Table of Contents
This doc is for older versions (v0.2.1 and before) of WhereHows. Please refer to this for the latest version.
Collect dataset metadata from Oracle DB.
Configuration
List of properties in the wh_etl_job_property table that are required for the Oracle dataset ETL process:
configuration key | description |
---|---|
oracle.db.driver | oracle database jdbc driver |
oracle.db.name | oracle database name |
oracle.db.username | oracle database user name |
oracle.db.password | oracle database password |
oracle.db.jdbc.url | oracle database jdbc url |
oracle.metadata | local file location to store the oracle datasets metadata csv file |
oracle.field_metadata | local file location to store the oracle dataset fields csv file |
oracle.sample_data | local file location to store the oracle dataset sample data csv file |
oracle.load_sample | true/false whether to get sample data |
oracle.exclude_db | list of excluded databases in oracle |
Extract
Major related file: OracleExtract.py
Connect to Oracle database to get all the table/column/comments information excluding the databases in the exclude list. Extra table information including indices, constraints and partitions are also fetched.
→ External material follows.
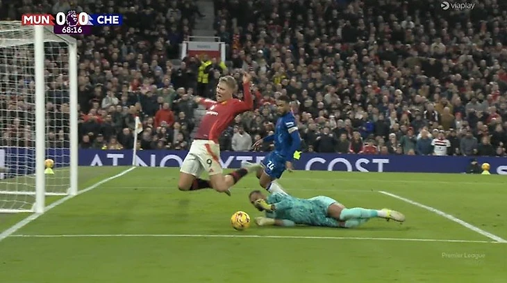 На 68-й минуте голкипер «Челси» Роберт Санчес в падении придержал руками Расмуса Хейлунда, выбегавшего один на один к воротам.
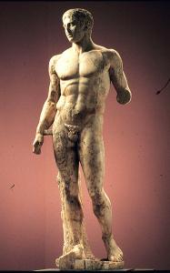 Поликлет. К началу второй половины 5 в. до н. э. художественная жизнь процветала не только в Афинах, но и в других городах. Из Аргоса (Пелопоннес) происходил современник Фидия Поликлет, в искусстве которого проявился особенный интерес к изображению спокойно стоящего человека. Самая прославленная статуя Поликлета — «Дорифор» («Копьеносец», сер. 5 в. до н. э., Неаполь, Национальный музей), совершенное воплощение мужественного идеала доблестного гражданина-воина.

The results are formatted and stored in two CSV files, one for table records and the other for field records.
Major source tables: ALL_TABLES, ALL_TAB_COLUMNS, ALL_COL_COMMENTS, ALL_INDEXES, ALL_IND_COLUMNS, ALL_CONSTRAINTS, ALL_PART_KEY_COLUMNS
Transform
Not needed.
Load
Major related file: OracleLoad.py
Load into MySQL database, similar to HiveLoad or HdfsLoad.
Related tables: dict_dataset